↓
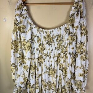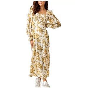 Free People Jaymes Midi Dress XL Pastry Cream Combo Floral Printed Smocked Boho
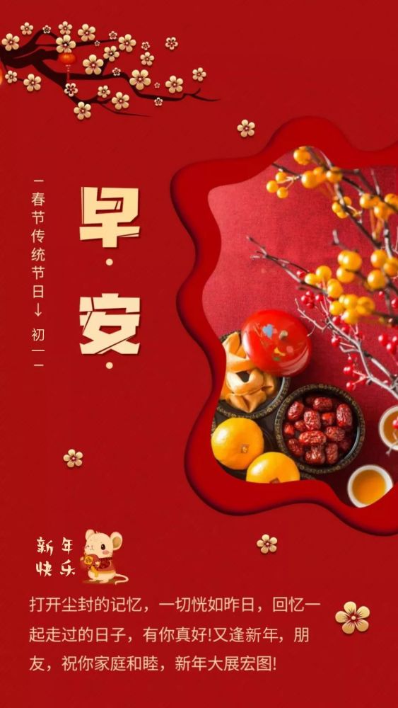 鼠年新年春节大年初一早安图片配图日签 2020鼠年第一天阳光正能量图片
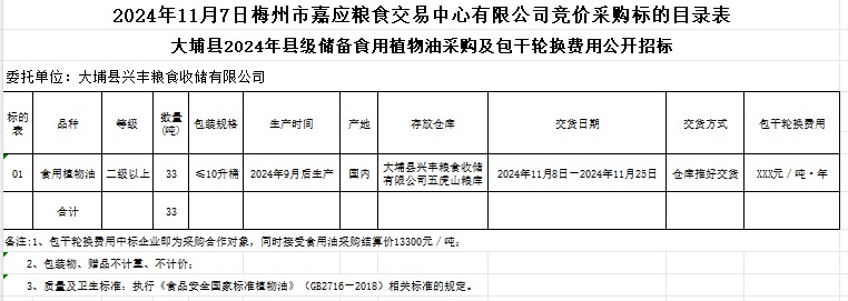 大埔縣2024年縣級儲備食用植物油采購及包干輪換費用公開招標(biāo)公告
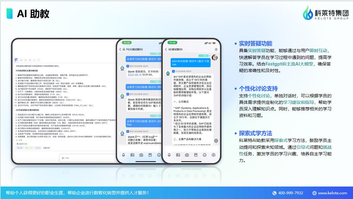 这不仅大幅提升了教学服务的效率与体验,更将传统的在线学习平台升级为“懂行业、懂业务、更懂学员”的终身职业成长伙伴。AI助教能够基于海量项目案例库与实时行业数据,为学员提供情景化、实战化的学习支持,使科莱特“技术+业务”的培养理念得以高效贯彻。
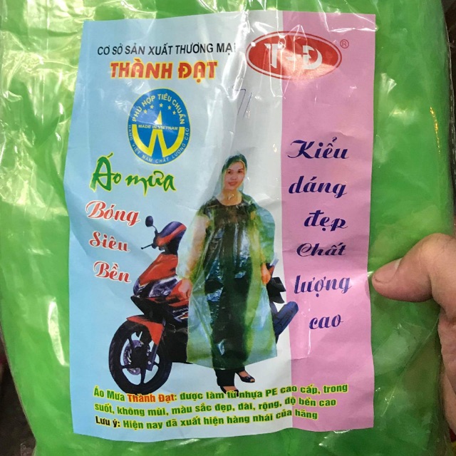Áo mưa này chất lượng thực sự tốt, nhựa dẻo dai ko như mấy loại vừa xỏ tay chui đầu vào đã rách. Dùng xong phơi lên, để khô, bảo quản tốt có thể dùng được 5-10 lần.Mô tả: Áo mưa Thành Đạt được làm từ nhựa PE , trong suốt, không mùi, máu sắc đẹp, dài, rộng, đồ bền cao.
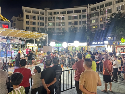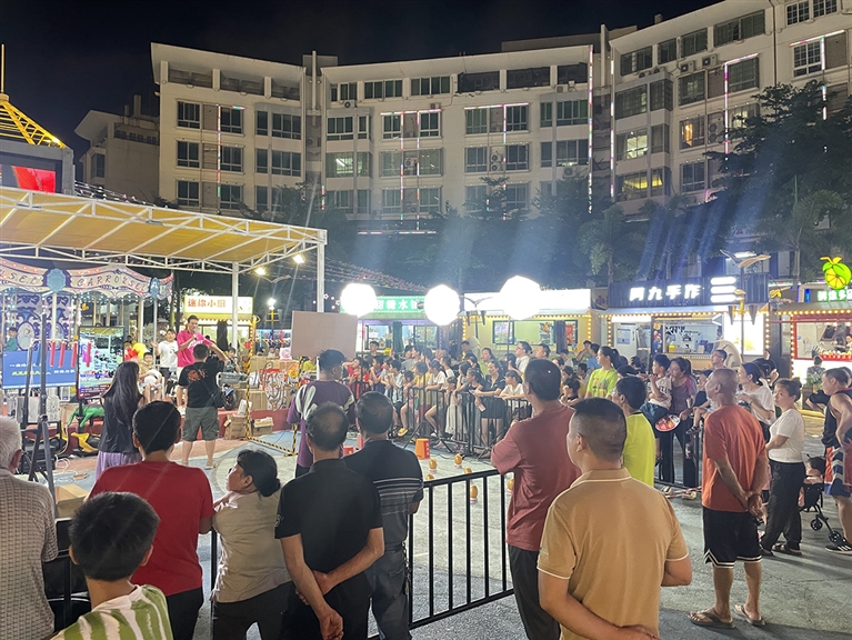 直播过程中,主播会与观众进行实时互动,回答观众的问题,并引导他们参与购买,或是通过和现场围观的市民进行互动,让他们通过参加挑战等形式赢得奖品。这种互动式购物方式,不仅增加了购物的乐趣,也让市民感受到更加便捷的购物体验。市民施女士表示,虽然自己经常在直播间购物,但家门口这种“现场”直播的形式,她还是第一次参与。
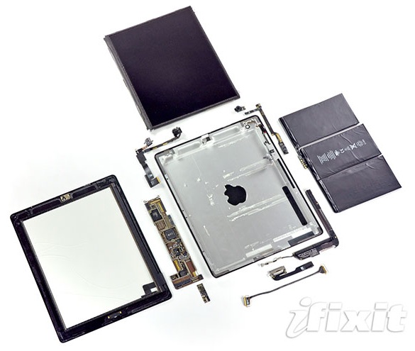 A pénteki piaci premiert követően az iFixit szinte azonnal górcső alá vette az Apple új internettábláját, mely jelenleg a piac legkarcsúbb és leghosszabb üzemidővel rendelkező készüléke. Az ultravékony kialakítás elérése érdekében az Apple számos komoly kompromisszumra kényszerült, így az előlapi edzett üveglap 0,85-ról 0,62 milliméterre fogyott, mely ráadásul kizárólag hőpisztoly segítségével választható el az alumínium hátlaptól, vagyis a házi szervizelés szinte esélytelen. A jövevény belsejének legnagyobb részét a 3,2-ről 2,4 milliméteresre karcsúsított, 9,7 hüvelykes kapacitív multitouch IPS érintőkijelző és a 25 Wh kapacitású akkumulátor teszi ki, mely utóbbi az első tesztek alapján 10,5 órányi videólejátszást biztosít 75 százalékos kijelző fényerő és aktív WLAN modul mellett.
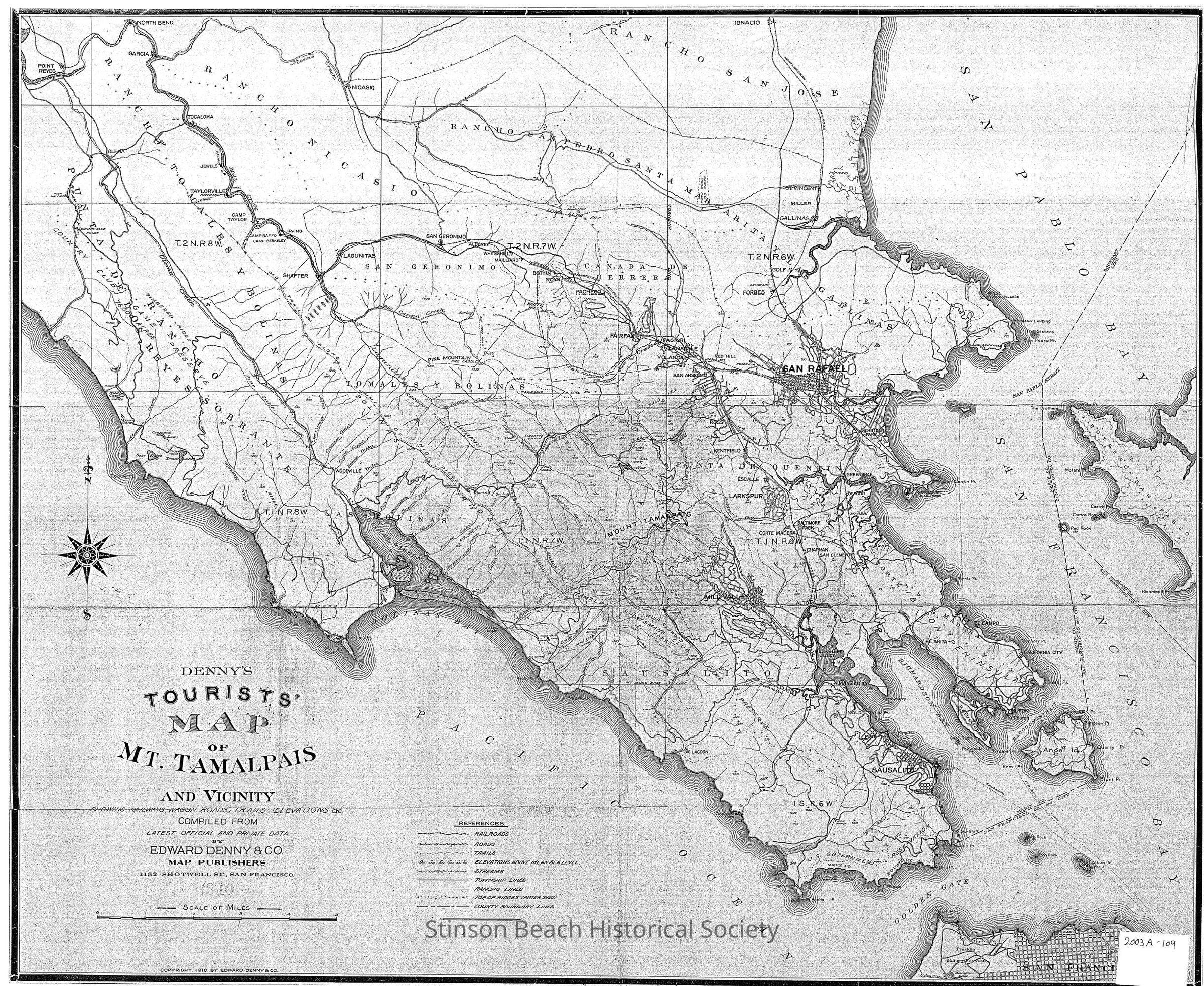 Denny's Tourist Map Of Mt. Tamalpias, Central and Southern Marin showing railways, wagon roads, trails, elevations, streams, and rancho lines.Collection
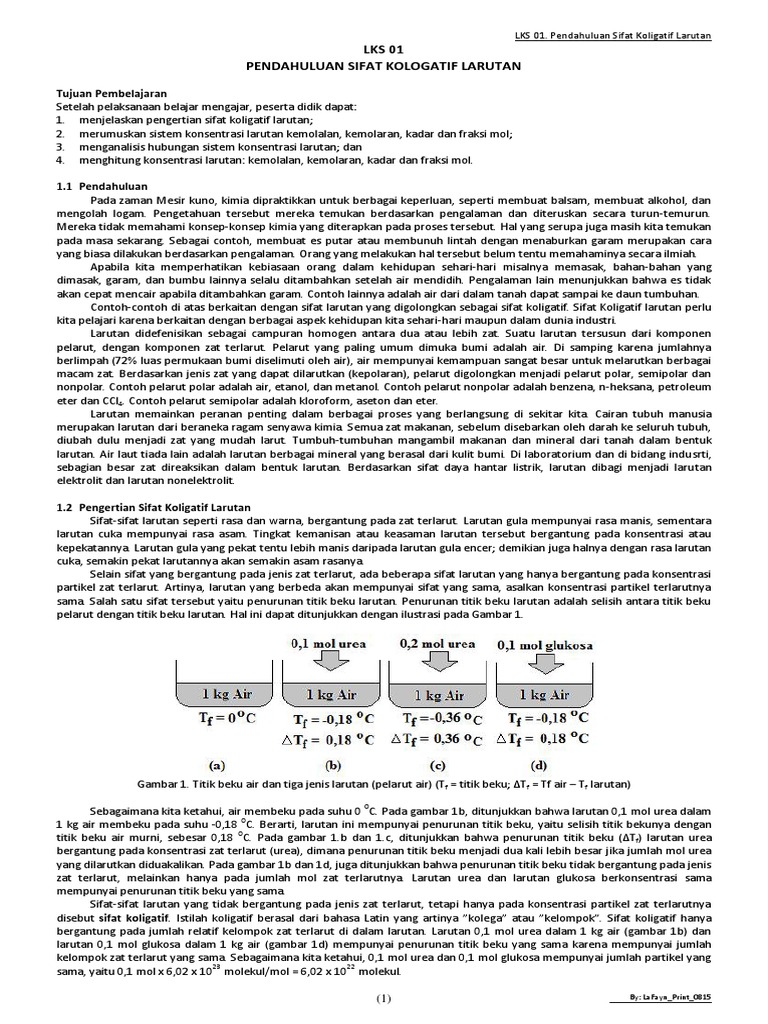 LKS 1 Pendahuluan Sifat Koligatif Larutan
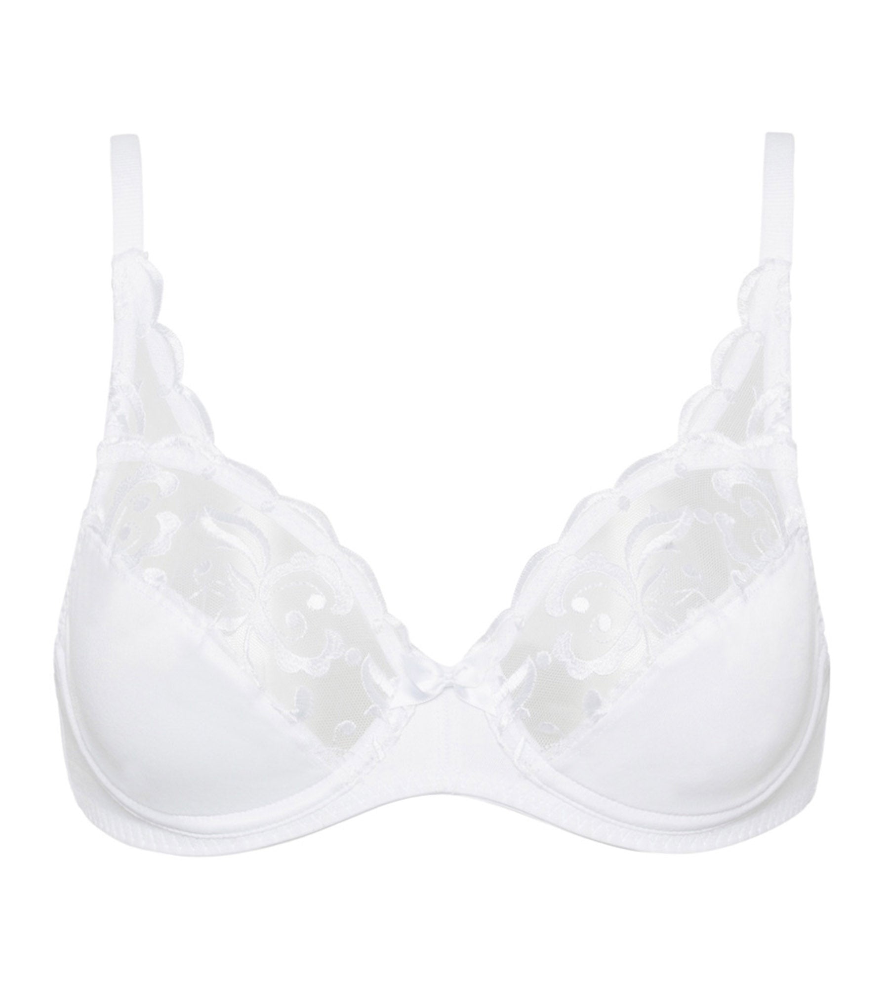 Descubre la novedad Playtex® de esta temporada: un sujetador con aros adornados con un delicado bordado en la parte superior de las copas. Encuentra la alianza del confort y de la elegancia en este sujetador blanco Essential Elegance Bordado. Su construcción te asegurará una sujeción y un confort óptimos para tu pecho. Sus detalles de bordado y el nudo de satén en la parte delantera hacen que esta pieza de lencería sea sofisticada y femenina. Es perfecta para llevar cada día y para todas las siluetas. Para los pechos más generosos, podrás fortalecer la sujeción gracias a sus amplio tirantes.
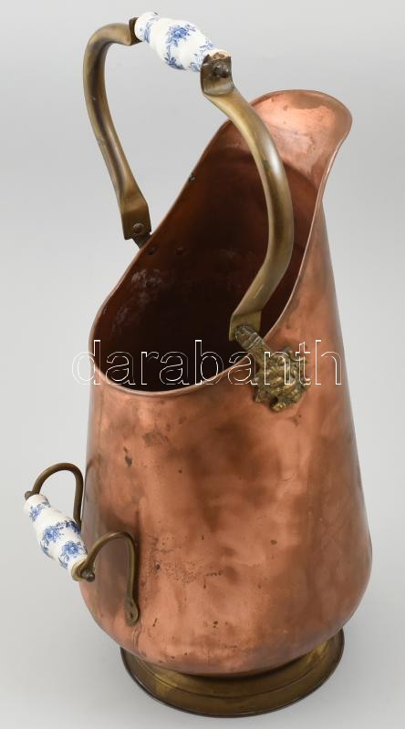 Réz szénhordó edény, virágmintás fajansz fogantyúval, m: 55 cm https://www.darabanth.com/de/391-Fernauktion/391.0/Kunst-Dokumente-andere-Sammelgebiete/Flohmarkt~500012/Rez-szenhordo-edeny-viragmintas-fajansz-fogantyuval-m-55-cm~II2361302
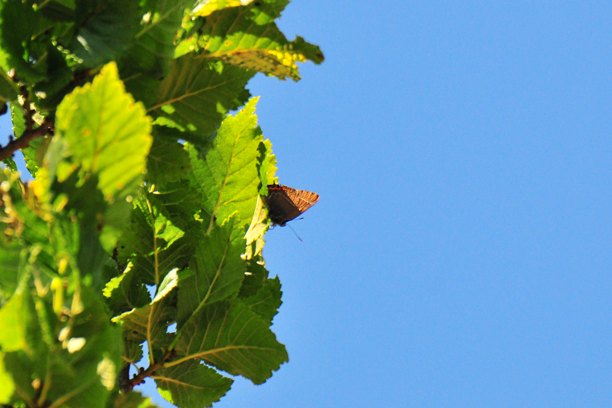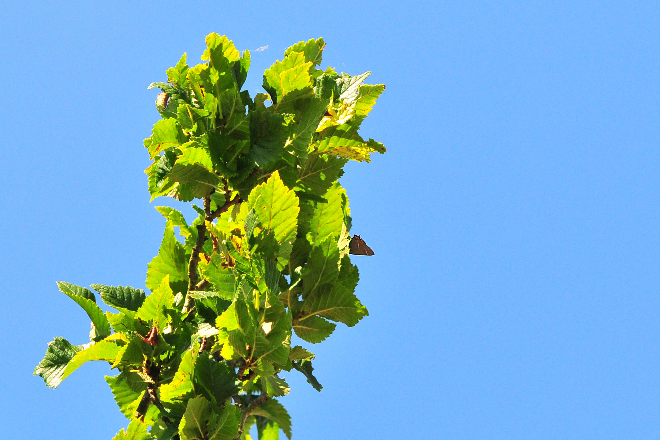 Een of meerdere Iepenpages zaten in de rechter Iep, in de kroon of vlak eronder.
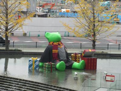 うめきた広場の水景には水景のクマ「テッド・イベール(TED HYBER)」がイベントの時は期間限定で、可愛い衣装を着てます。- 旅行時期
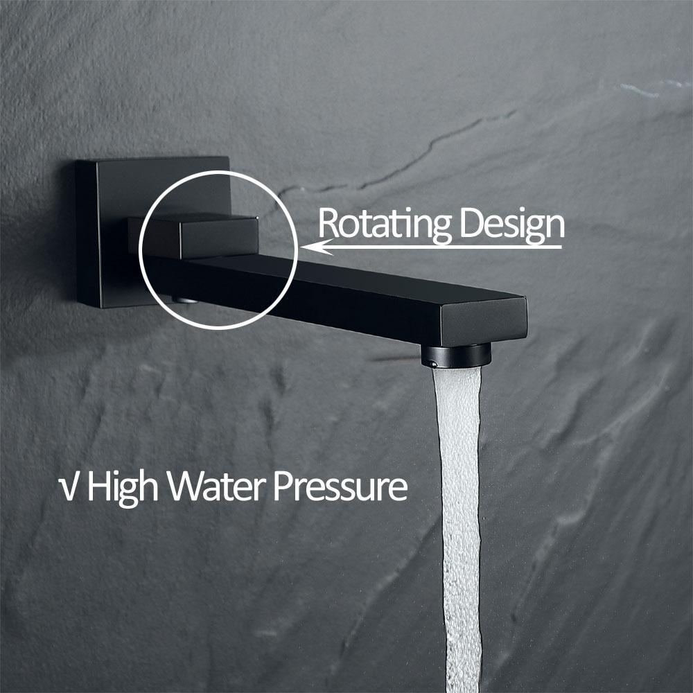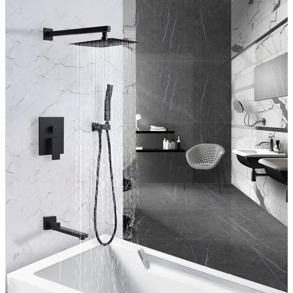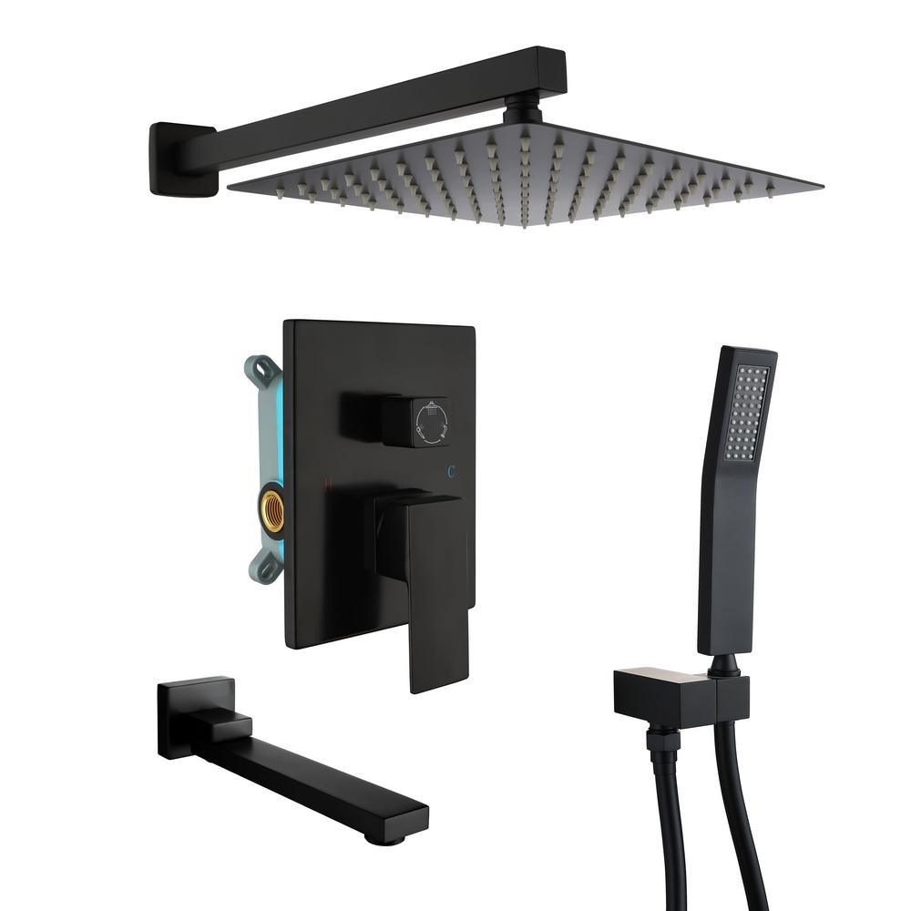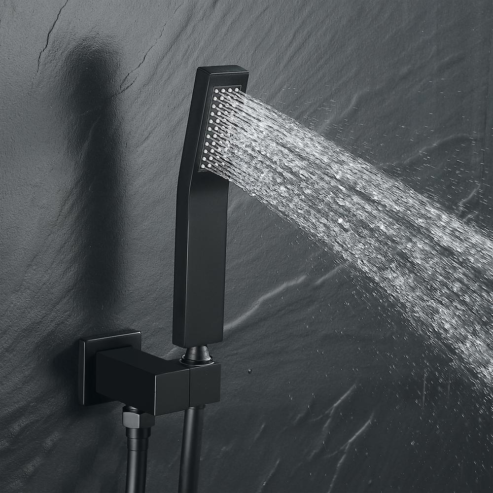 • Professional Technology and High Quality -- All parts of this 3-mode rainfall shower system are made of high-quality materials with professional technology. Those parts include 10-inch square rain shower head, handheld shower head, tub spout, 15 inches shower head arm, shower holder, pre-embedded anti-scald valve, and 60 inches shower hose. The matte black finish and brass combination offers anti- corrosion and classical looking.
↑
- [Activity]:
Write out, word for word, the lines from the first line of the entries through the one containing "Áo mưa này chất", both included. Leave out the pictures.

- [Solution to the exercise]:
 Free People Jaymes Midi Dress XL Pastry Cream Combo Floral Printed Smocked Boho
 鼠年新年春节大年初一早安图片配图日签 2020鼠年第一天阳光正能量图片
 大埔縣2024年縣級儲備食用植物油采購及包干輪換費用公開招標(biāo)公告
 这不仅大幅提升了教学服务的效率与体验,更将传统的在线学习平台升级为“懂行业、懂业务、更懂学员”的终身职业成长伙伴。AI助教能够基于海量项目案例库与实时行业数据,为学员提供情景化、实战化的学习支持,使科莱特“技术+业务”的培养理念得以高效贯彻。
Áo mưa này chất lượng thực sự tốt, nhựa dẻo dai ko như mấy loại vừa xỏ tay chui đầu vào đã rách. Dùng xong phơi lên, để khô, bảo quản tốt có thể dùng được 5-10 lần.Mô tả: Áo mưa Thành Đạt được làm từ nhựa PE , trong suốt, không mùi, máu sắc đẹp, dài, rộng, đồ bền cao.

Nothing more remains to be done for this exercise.